PROBLEM TO WORK ON
Output word for word the lines from the one with "Keywords: angel pray" to the final line of the data, both ends included, but skip the pictures.

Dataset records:
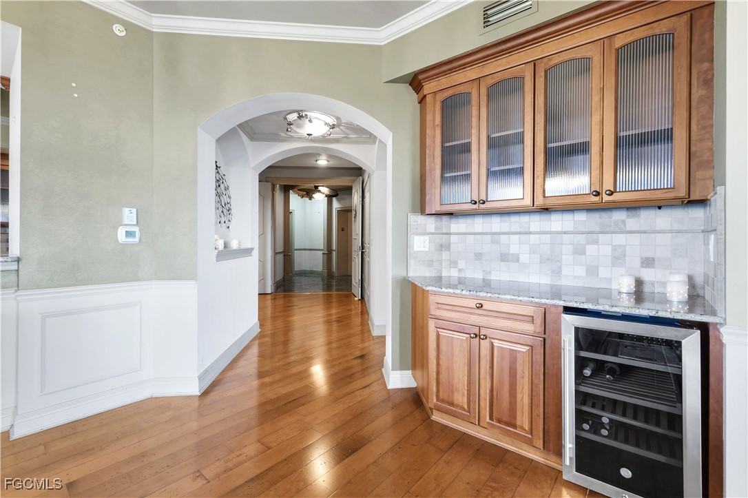 The great room, formal dining room, and office / den are finished with wide plank wood flooring. The kitchen is anchored by granite countertops, a large breakfast bar, and wood cabinetry, and includes a unique custom detail: a wooden walk-in pantry door with backlit etched glass showcasing a wheat motif—both artistic and functional.
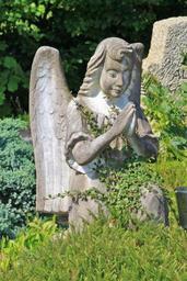 Keywords: angel pray cemetery sculpture fig statue tombstone angel figure mourning memorial faith consolation religion christianity wing hope symbol christian kneeling prayer still image tomb green plant climber stone sculptor
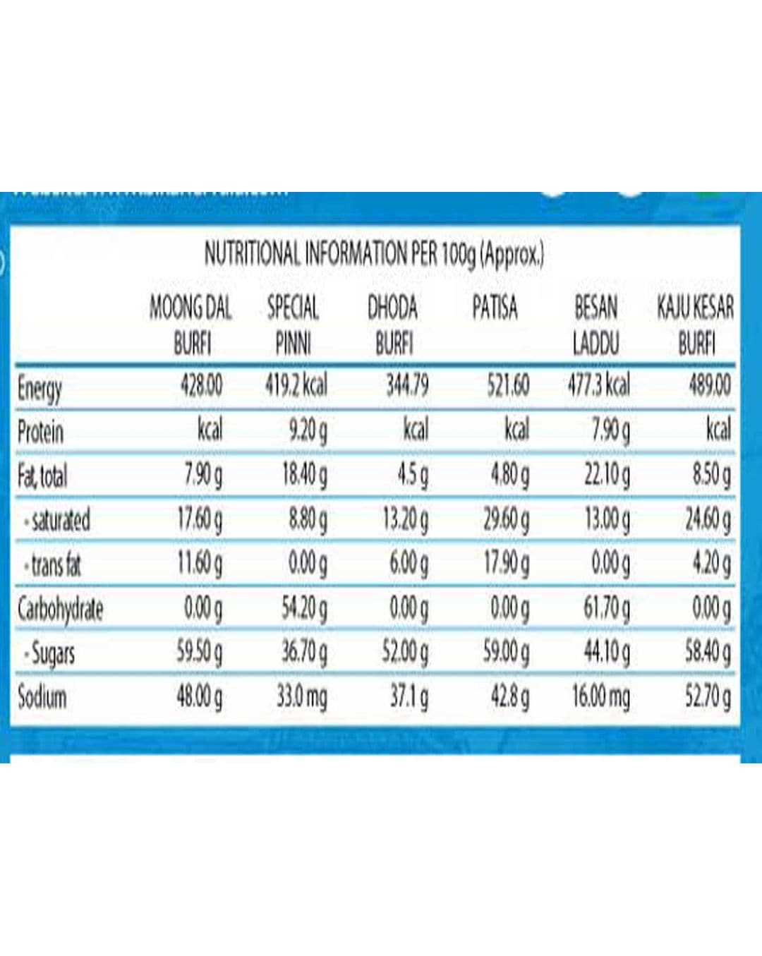 Note: Milk, Wheat, Coconut and Nuts (Cashew Nuts, Almond and Pistachio)May also contain traces of Peanuts, Soya, Sesame, and Oats.
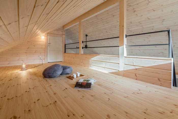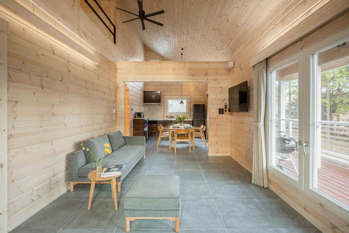 当建物は、断熱・蓄熱に優れた厚さ134mmの高品質なフィンランド産パイン材を使用したランタサルミ社のログハウスを採用。木の香りに包まれた、90平米のリラックスできる空間に2つのベッドルームとロフト、キッチン、バス、トイレ、洗面、リビング・ダイニングルーム、屋根付きテラスを備えています。床は滑りにくいタイルを使用しているため、ヒトにもワンコにもやさしい設計となっております。全館空調とペレットストーブで、年間を通して快適にお過ごしいただけます。
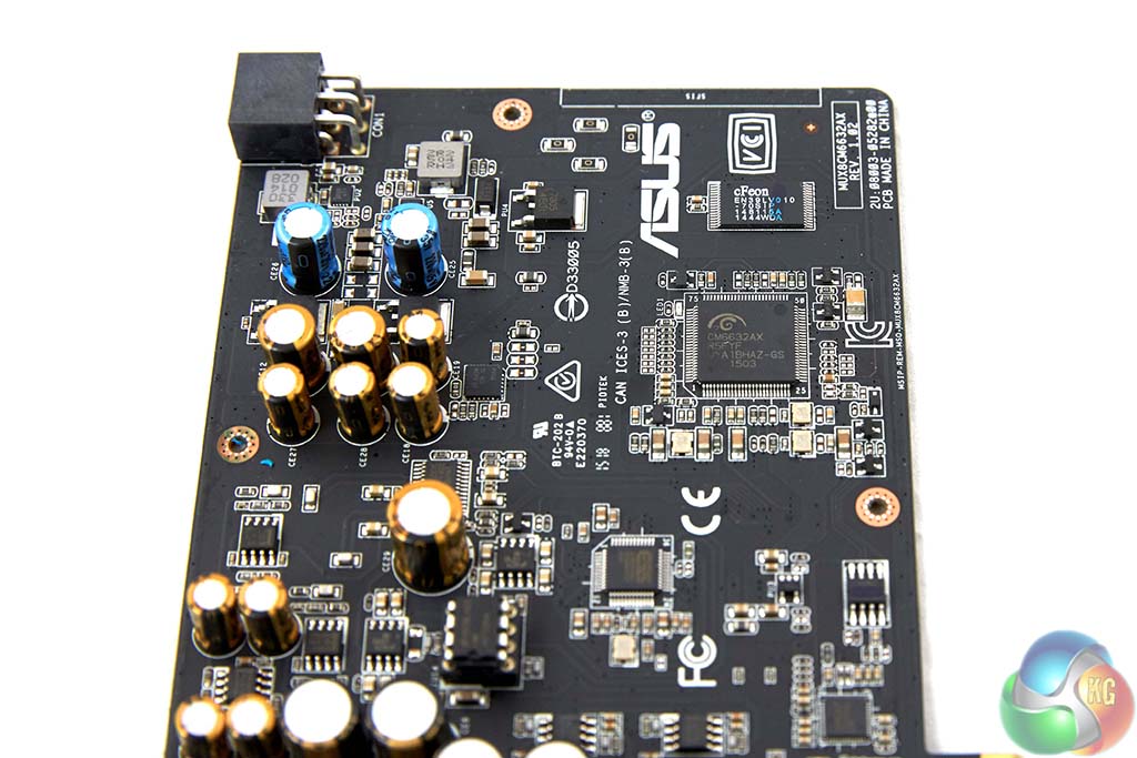 Asus have paired up the CM6632AX audio processor with full 192kHz/24 bit support and the CS5361 A/D Converter which has a rated 114dBa dynamic range.

YOUR SOLUTION
 Keywords: angel pray cemetery sculpture fig statue tombstone angel figure mourning memorial faith consolation religion christianity wing hope symbol christian kneeling prayer still image tomb green plant climber stone sculptor
 Note: Milk, Wheat, Coconut and Nuts (Cashew Nuts, Almond and Pistachio)May also contain traces of Peanuts, Soya, Sesame, and Oats.
 当建物は、断熱・蓄熱に優れた厚さ134mmの高品質なフィンランド産パイン材を使用したランタサルミ社のログハウスを採用。木の香りに包まれた、90平米のリラックスできる空間に2つのベッドルームとロフト、キッチン、バス、トイレ、洗面、リビング・ダイニングルーム、屋根付きテラスを備えています。床は滑りにくいタイルを使用しているため、ヒトにもワンコにもやさしい設計となっております。全館空調とペレットストーブで、年間を通して快適にお過ごしいただけます。
 Asus have paired up the CM6632AX audio processor with full 192kHz/24 bit support and the CS5361 A/D Converter which has a rated 114dBa dynamic range.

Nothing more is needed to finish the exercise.